English · Español
Phase 27 — Quizzes¶
🇪🇸 Espejo legible de
data/quizzes/phase-27-modern-attention.yaml. Respuestas detrás de bloques<details>.
Source of truth: data/quizzes/phase-27-modern-attention.yaml.
q-27-01 — FlashAttention is exact, not approximate (free)¶
A teammate claims "FlashAttention is an approximation of softmax attention because it tiles the computation." Refute this in one sentence.
Answer
The online softmax recurrence is an algebraic **identity**, not an approximation. Flash's tile-by-tile execution computes the same output as monolithic softmax, up to floating-point round-off no worse than naive.q-27-02 — What stays in SRAM during the Flash inner loop¶
During Flash forward's inner loop on Q tile i and K/V tile j, which quantities live in SRAM (never cross the HBM boundary)?
- The (N, N) materialized logits matrix S
- The running per-row max m_i and sum l_i
- The partial logits tile S_ij of shape (B_r, B_c)
- The full pre-softmax matrix QK^T
Answer
**Choices 2 and 3.** The full (N, N) matrices never exist in Flash; only per-tile partial logits and per-row running m, l vectors stay in SRAM.q-27-03 — GQA KV-cache savings ratio¶
A model has n_heads = 32 query heads and kv_heads = 4. By what factor does GQA reduce the KV-cache bytes-per-token compared to the MHA-equivalent (kv_heads = n_heads)?
- 2×
- 4×
- 8×
- 32×
Answer
**Choice 3 (8×).** The ratio is exactly `kv_heads / n_heads = 4 / 32 = 1/8`.q-27-04 — Why MQA hurts quality¶
MQA (kv_heads = 1) saves the most KV memory of any GQA setting. Why is it not the default for production models despite that win?

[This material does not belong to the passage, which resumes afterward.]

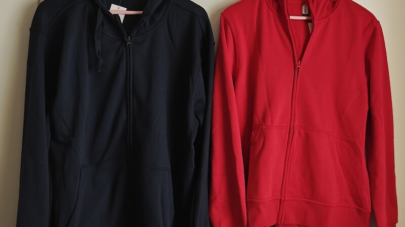 Ohessa kuva huppareista. Molemmat ovat XL-kokoa, joten huomaatte, että punainen niin sanottu naisten malli on huomattavasti pienempi ja se on kavennettu uuman kohdalta.
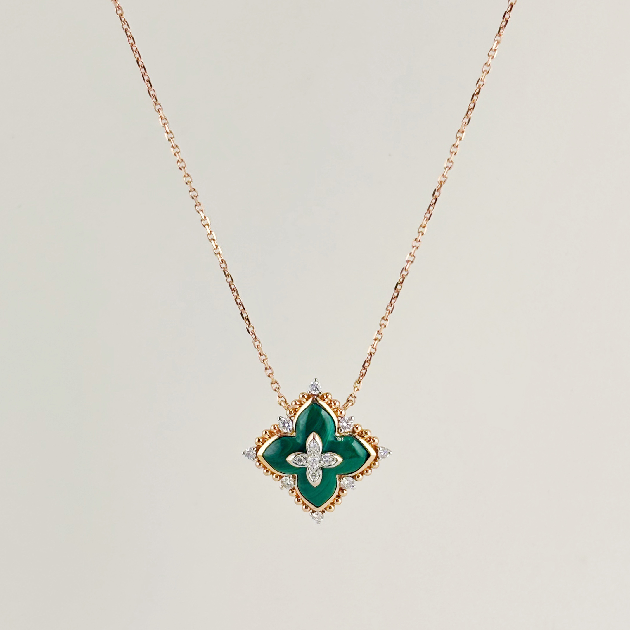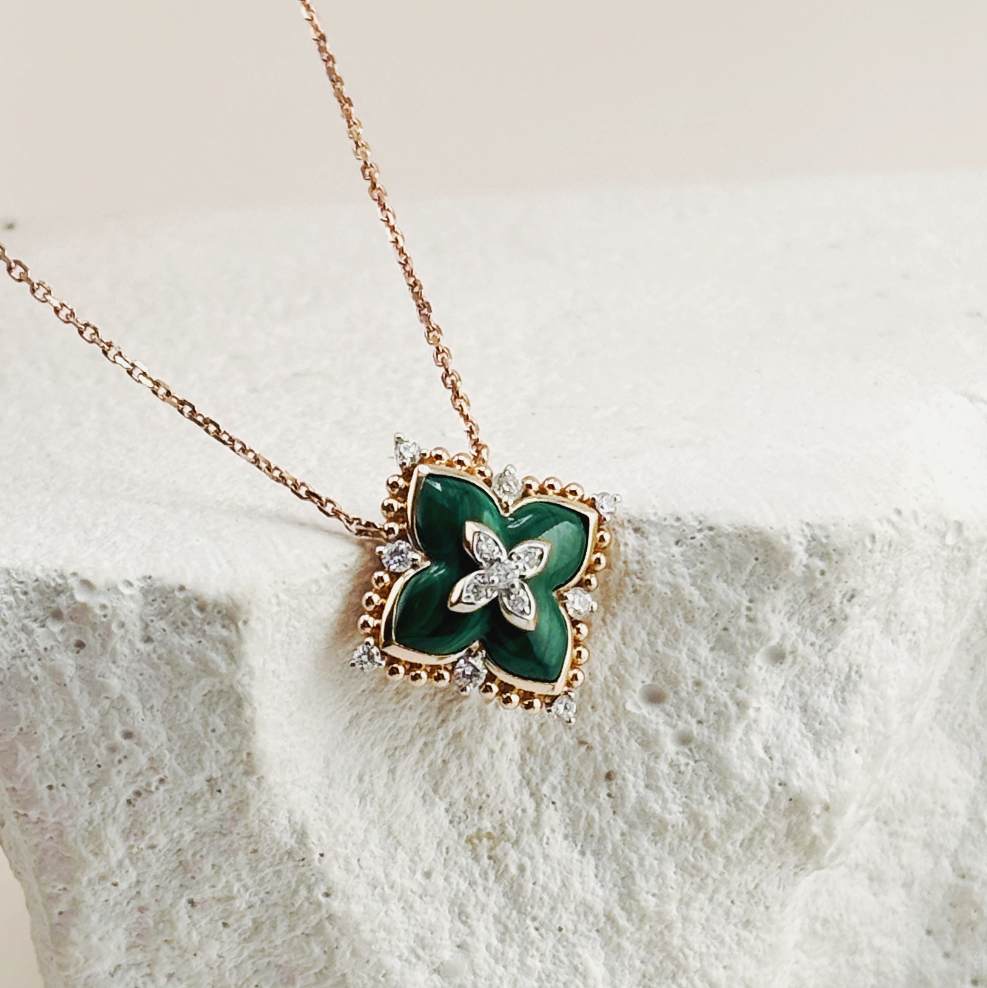 Колье "Цветок" с малахитом и бриллиантами из золота 585 пробы арт. CN34263-WD-MA-RG

- Because MQA requires retraining from scratch.
- Because all query heads then attend to identical K, V positions, collapsing per-head pattern diversity and producing a measurable quality hit.
- Because MQA doubles the FLOPs at inference.
- Because MQA is incompatible with FlashAttention.
Answer
**Choice 2.** With a single shared K, V, the heads can only differ in their Q and W_O projections; the attention *patterns* collapse. Production typically stops at `kv_heads = n_heads / 8`.q-27-05 — Sliding window vs PagedAttention (free)¶
Both sliding-window attention and PagedAttention reduce KV-cache memory footprint. What is the qualitative difference between what they achieve?